Simon, I may be thinking impractical thoughts but why the heck would you buy an Niagra box from a vendor that won’t let you install an Intel X25-M SSD. That’s just nuts.
As much as I love the Niagra Architecture and it truly is a thing of beauty, I personally lean towards commodity servers. But, ignore that. The key point is if you buy a server and you are "not allowed" to install a broadly used SSD, you’re buying from the wrong vendor.
–jrh
I agree with @Fazal that Sun’s work is worth looking at. In particular L2ARC ("cachezilla") seems a nice and elegant way to use SSD as an additional read cache layer between RAM and disk. In http://blogs.sun.com/brendan/entry/test , Brendan Gregg describes how this is implemented: a periodic job goes through the "tail" of the RAM cache to salvage those blocks to SSD that are in imminent danger of being dropped when there’s memory pressure. I had planned to use this on a mirror archive server we run, but our vendor wouldn’t support cheap MLC flash (such as the Intel X25-M) in our Niagara box *sigh*.
After the addition of the Cluster Compute and Cluster GPU instances (although I wish they were using Westmere CPUs), SSDs are the major thing missing indeed. Great to hear that it’s being worked on and looking forward to the beta!
Best,
Ismael
Thanks for pointing out the transcription error on my behalf Fazal. I’ll make the correction in the text.
You are not the first to mention you could use very high IOPS rates delivered consistently from EBS. We’re working on it and have lots improvements in mind. I’m looking forward to getting some of these in beta so you can test them with your DB workloads.
–jrh
I think you have the SLC/MLC pricing mixed up. SLC is significantly more expensive than MLC. What’s more, MLC prices are falling due to economies of scale from mobile phones, media players and laptop SSDs, whereas SLC prices and capacities have remained mostly static.
Sun’s work on ZFS and hybrid storage pools should be mentioned as well. You can use SSDs to speed up writes (logzilla) and as a level 2 cache for data (L2ARC/cachezilla), and Sun/Oracle actually uses different devices with characteristics optimized for the two roles in their 7000 series storage appliances.
I wish Amazon would provide SSD-powered low-latency high-I/O instances similar to the high-memory or GPU-accelerated instances already available.
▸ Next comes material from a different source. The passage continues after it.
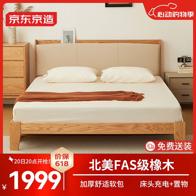 京东京造实木床 FAS级橡木|软包床头|大板厚材 主卧双人床1.8×2米BW05价格:2199.00元!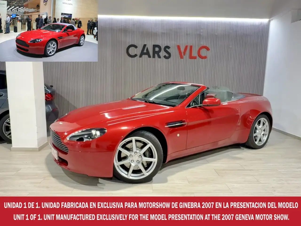 Os presentamos este Aston Martin V8 Vantage Roadster, unidad con muy poco Kilometraje, con la particularidad, de ser una unidad fabricada en exclusiva para el SALON DE GINEBRA DE 2007 (Foto de placa justificativa incluida en las fotografías). Libro de revisiones ASTON MARTIN AL DIA, usado muy poco y respetando los intervalos de servicio en Aston Martin.

My company has write-intensive database workloads that we are currently running on EC2, but planning to migrate to physicalized hosted servers for performance/throughput reasons.
Yes, super important point Frank. When compressing redundancy out of data, the value of what is left is far higher. Loosing a single block could destroy thousands of unrelated objects.
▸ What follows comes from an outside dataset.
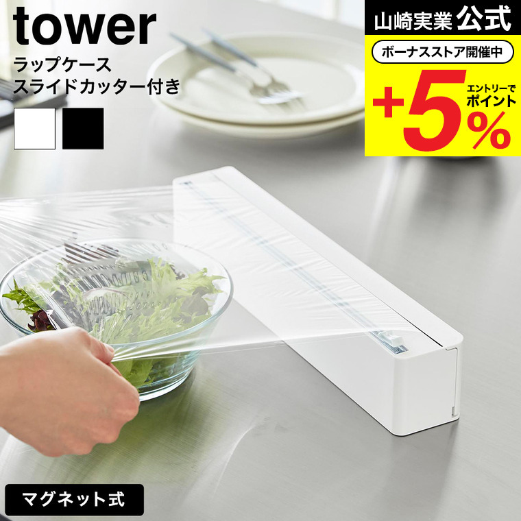 山崎実業 tower マグネットラップケース タワー スライドカッター付き 公式 10658 10659 ホワイト ブラック 送料無料 / ラップカバー ラップホルダー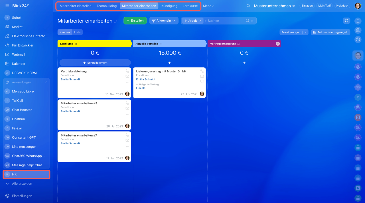 Die automatisierte Lösung für die Personalabteilung kann zum Beispiel Prozesse für Einstellung, Einarbeitung, Schulung und Kündigung von Mitarbeitern automatisieren.

The best defense is to selectively add back redundancy. Essentially, dedupe all blocks but store the remaining representatives with lots of redundancy.
Dedupe is often used on cold data so one approach I like a lot is to dedupe to get a small number of blocks, compress each block to reduce the size, and then pack onto reasonable sized (order 1M) sequential runs and then aggressively erasure encode these blocks.
–jrh
The deduplication pages in the slides referred to the savings associated with having the hardware optimize the storage of "weekly full backups over 8 weeks, 6 week retention", compressing it apparently 20-fold.
My question is to what extent the storage system is justified in performing this optimization. If a naive user wanted "8 full backups", that user probably expects some increased robustness of the data. With deduplication, the naive user’s imagined redundancy is summarily eliminated, so that a localized storage failure turns out to impact many purportedly independent "full backups". Is this a reasonable concern?